At the start of each 4-week phase, participants are given a tablet running the purpose built application which contains reminiscence material and allows recording language in the various modalities. A Mini Mental State Examination (MMSE) (Folstein et al., 1975) and an Addenbrooke’s Cognitive Examination-III (ACE-III) (Noone, 2015) are administered by a suitably qualified person at the start and end of each phase respectively as cognitive impairment benchmarks. While these tests provide only minimal cognitive data, they allow us to assess cognitive change at the comparison points needed to analyse the rich linguistic information collected.

The investigators monitor the submission of data via a remote server. If data have not been submitted for 48 hours, a research team member contacts the participant and carer to ensure they are not having difficulties. If a participant is unable to record data for longer than a week, the research team considers their withdrawal from the study. If it is deemed that a participant has lost capacity to consent, they are withdrawn from further data collection. Subject to consultation with the participants’ carers, any data collected for that participant up to that point are used in the analysis.

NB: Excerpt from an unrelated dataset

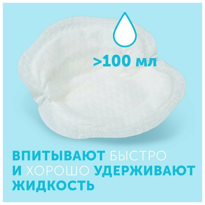Впитывающие более 100 мл, безворсовые, мягкие вкладыши идеальны для правильной гигиены груди во время кормления. Вкладыши можно использовать с самого рождения малыша, а также при обработке сосков профилактическими или заживляющими кремами и мазями.

3.2 Reminiscence material & tablet application

The bespoke tablet application shows a participant four images every day, each representing a topic of general interest from the 50s, 60s and 70s. Each image/topic is accompanied by three questions to help initiate a conversation or thought process and provide memory “joggers”. The participant chooses one topic out of these four as well as the mode of interaction (recording a conversation, typing or writing thoughts). The four images are pseudo-randomly selected from a pool of images available in each of the 4-week phases. Figure 1 illustrates the table application once a subject has chosen a particular topic (here “Radio”).

Fig. 1
figure 1

Screenshot of Tablet application once topic is chosen (here “Radio”)

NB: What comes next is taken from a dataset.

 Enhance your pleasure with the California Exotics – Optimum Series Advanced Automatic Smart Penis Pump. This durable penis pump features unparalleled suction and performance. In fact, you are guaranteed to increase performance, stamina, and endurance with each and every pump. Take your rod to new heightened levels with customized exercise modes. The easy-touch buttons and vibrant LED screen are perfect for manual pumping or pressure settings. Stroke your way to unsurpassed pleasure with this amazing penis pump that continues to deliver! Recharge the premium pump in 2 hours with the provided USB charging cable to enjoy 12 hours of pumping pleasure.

The image material and corresponding questions were developed by an organisation specialising in dementia communicationFootnote 3 and have been used with people in care homes. The 50s and 60s material was adapted for use in the tablet application. The 70s material was created for the purpose of the study. The collected corpus covers a set of 67 images/topics. Phase 1 includes 26 topics from the 50s and Phase 2 includes 41 images from the 60s and 70s. By design topics were meant to be repeated every so often but based on individual’s feedback such repetition has been minimised and each phase includes different material. In particular, Phase 1 topics include: Goblin Teasmade, Washday and Smog, Keeping Warm, Household smells, Sundays, Housewives, Budgies, Radio, Television, The cinema and music, The Goons, Weekly children’s comics, The Coronation, Holiday Camps, The Modern Era - transport, Endless freedom, Toys and books, School, Knitting, Hair, Teddy boys and teenagers, Bikes, Fashion, Immigration, National Service, Sport. Phase 2 was augmented with more images from the 70s, which seems to better fit the memory bump of our participant cohort.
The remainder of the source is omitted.